To the best of knowledge, the are no published data related to voice disorders in healthcare workers associated to universal masking in the COVID‐19 era. We suspect that prolonged use of facial PPE in healthcare professionals poses an occupational health risk of vocal disorders due to the phonotrauma implicated in speaking counteracting the acoustic attenuation generated by them.

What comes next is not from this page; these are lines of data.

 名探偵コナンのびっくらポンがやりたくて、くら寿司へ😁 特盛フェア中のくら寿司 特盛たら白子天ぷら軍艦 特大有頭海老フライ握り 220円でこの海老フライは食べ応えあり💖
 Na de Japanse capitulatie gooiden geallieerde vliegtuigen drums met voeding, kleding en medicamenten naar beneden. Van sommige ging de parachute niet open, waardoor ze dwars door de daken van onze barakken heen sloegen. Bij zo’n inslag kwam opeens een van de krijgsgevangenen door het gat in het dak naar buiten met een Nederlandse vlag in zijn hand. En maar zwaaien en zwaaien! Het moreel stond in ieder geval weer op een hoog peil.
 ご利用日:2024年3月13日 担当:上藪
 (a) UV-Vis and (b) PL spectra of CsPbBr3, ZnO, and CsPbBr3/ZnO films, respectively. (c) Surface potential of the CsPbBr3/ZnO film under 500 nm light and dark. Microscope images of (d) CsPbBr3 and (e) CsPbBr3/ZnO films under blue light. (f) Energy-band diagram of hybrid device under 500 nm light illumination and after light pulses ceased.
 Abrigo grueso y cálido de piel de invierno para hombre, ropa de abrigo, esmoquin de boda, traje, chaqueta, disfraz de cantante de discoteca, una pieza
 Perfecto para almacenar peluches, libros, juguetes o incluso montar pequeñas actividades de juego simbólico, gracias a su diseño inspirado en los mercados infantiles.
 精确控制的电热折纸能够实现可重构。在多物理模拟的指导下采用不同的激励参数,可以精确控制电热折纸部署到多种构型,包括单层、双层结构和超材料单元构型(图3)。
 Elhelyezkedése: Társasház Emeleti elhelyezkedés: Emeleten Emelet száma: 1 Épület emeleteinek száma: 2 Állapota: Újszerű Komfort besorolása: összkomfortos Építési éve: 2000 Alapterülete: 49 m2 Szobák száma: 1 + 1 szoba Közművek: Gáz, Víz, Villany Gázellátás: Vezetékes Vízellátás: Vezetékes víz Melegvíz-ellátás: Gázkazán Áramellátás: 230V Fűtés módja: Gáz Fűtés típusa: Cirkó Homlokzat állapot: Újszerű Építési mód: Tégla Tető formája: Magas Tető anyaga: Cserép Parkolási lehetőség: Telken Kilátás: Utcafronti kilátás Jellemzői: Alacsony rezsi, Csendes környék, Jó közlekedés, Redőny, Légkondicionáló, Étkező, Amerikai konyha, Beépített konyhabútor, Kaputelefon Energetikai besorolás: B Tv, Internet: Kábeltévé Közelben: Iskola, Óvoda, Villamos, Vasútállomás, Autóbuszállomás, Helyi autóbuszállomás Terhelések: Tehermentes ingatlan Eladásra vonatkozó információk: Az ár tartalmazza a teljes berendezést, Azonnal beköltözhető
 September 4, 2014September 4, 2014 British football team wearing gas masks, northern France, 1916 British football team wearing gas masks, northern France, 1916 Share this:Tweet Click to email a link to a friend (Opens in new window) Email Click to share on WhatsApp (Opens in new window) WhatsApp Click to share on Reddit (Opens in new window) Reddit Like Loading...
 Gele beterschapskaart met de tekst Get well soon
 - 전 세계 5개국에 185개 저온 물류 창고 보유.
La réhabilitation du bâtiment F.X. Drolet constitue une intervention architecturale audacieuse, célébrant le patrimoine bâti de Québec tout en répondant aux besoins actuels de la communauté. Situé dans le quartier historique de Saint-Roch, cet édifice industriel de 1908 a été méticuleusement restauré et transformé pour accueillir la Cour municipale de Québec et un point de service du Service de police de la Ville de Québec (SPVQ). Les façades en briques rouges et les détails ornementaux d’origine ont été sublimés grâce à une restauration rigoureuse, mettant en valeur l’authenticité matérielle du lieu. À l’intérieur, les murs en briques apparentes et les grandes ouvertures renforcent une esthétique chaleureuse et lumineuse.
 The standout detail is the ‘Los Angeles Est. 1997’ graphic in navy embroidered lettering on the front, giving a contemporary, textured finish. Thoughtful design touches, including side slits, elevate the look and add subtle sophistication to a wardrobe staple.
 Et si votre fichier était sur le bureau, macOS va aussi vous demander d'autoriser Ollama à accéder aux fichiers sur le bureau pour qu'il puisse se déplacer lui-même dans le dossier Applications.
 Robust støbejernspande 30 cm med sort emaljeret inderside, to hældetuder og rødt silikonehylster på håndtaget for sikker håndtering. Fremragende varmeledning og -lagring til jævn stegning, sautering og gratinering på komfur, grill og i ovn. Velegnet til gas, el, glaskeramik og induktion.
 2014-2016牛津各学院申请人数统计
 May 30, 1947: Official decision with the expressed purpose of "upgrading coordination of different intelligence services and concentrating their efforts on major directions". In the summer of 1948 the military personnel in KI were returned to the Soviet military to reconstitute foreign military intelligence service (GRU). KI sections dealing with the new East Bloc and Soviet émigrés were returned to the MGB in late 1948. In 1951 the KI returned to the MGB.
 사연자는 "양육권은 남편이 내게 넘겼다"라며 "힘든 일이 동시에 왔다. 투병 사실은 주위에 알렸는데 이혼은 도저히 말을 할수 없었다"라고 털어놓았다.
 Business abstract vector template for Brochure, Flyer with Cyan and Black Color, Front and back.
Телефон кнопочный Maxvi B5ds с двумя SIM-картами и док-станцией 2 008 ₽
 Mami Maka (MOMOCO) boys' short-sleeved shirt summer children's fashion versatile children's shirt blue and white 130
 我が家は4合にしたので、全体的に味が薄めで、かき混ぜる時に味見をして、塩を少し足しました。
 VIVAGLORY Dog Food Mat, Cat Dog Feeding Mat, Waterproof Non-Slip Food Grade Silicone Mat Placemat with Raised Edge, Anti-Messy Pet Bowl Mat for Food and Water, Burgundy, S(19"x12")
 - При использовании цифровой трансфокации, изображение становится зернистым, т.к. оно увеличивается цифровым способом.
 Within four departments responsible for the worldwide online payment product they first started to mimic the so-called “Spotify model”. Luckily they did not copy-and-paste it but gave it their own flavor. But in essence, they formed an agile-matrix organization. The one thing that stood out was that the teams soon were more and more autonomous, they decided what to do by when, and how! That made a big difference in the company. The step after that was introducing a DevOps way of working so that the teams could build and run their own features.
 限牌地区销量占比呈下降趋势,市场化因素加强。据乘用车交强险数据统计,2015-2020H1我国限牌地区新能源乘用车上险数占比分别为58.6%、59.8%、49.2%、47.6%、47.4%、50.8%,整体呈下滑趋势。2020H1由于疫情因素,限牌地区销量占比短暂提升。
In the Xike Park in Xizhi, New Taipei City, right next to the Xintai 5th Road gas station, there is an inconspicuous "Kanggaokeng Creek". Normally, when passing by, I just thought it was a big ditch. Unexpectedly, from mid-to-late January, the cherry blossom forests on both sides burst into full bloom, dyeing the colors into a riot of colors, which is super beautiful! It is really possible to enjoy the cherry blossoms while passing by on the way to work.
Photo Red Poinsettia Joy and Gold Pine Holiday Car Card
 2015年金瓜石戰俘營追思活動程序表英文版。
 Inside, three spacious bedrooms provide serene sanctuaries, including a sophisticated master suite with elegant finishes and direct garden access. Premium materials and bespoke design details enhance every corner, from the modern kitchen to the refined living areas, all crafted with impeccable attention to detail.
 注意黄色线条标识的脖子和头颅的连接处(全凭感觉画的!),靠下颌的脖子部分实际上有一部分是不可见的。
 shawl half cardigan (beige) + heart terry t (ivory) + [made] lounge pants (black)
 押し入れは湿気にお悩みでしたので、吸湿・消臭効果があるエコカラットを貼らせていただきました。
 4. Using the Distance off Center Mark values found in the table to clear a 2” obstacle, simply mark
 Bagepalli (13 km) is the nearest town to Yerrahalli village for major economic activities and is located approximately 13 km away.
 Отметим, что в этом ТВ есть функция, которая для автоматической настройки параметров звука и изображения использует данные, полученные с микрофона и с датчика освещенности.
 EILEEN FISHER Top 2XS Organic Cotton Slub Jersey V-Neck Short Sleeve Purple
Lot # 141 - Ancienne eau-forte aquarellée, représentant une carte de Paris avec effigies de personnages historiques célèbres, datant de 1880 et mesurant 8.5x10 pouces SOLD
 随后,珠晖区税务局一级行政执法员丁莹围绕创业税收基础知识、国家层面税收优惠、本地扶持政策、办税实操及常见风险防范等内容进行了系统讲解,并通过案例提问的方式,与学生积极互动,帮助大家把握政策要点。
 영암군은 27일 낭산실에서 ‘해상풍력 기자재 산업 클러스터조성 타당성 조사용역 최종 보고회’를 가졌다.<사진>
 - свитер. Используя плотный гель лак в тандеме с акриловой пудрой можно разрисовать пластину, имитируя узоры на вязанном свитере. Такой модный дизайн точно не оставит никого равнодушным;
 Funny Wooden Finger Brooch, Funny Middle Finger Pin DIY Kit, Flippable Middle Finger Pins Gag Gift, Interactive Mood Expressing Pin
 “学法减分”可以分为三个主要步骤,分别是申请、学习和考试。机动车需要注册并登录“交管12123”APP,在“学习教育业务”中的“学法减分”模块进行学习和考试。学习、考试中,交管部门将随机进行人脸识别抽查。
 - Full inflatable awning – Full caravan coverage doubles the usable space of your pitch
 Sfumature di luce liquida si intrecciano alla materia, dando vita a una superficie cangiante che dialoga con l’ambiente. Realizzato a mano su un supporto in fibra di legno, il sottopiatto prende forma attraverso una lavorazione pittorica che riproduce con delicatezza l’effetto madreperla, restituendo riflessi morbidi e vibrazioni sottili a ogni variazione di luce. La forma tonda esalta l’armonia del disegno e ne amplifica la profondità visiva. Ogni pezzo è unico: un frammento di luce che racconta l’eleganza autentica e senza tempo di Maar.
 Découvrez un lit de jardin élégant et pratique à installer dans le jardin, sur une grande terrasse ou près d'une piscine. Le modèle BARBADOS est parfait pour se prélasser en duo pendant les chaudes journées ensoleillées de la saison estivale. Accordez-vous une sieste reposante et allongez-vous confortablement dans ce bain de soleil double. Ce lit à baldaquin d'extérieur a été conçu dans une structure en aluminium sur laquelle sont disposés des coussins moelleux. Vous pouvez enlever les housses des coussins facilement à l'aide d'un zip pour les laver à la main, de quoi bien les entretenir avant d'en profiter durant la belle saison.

We aimed to determine the prevalence of voice disorders in healthcare workers of high‐risk hospital care units during the COVID‐19 pandemic in a tertiary center in Santiago, Chile, and determine the risk factors associated with these disorders.

MATERIALS AND METHODS

A cross‐sectional study was conducted at Universidad Católica Clinical Hospital and San Carlos de Apoquindo Hospital, both tertiary centers in Santiago de Chile. An anonymous, self‐administered, 23 item questionnaire survey (available in Appendix S1) was applied between July 22 and August 9, 2020, in the middle of the COVID‐19 outbreak in Chile, to healthcare staff who had direct contact with hospitalized patients in high‐risk hospital areas who use universal and protocolized PPE: isolation general wards, intermediate and intensive care units. At our institution, the working hours are divided into three types of schedules: 44 hours/week shift with 8 hours daily, 22 hours/week shift with 4 hours daily, and fourth shift modality with 24 hours on‐duty followed by 3 days off. All subjects participated in the study voluntarily and signed informed consent. This study was approved by the ethics committee in the Faculty of Medicine of Pontificia Universidad Católica de Chile (protocol number 200705001). Given that the prevalence of voice disorders in this population is unknown, corrected sample size in finite population calculation was performed considering a 50% prevalence, which determined a target sample size of 218 participants. The survey collected information about demographic data, clinical activity (occupation, unit, hours per shift), PPE usage pattern (type of PPE, hours of use, combined use), medical and vocal past history, tobacco use, personal view regarding the presence of vocal problems and severity during the last month, vocal symptoms during last month, own opinion regarding the existence of vocal symptoms the same period the previous year, and Spanish validated Voice Handicap Index (VHI)‐10 questionnaire.

Statistical Analyses

An exploratory data analysis was carried out, checking for atypical values and determining the distribution of the continuous quantitative variables. Descriptive statistics were estimated using the mean and standard deviation (SD) for continuous variables with a normal distribution and the median and interquartile range (IQR) (25th and 75th percentiles) for variables with a biased distribution. In the case of categorical variables, the relative and absolute frequencies were obtained.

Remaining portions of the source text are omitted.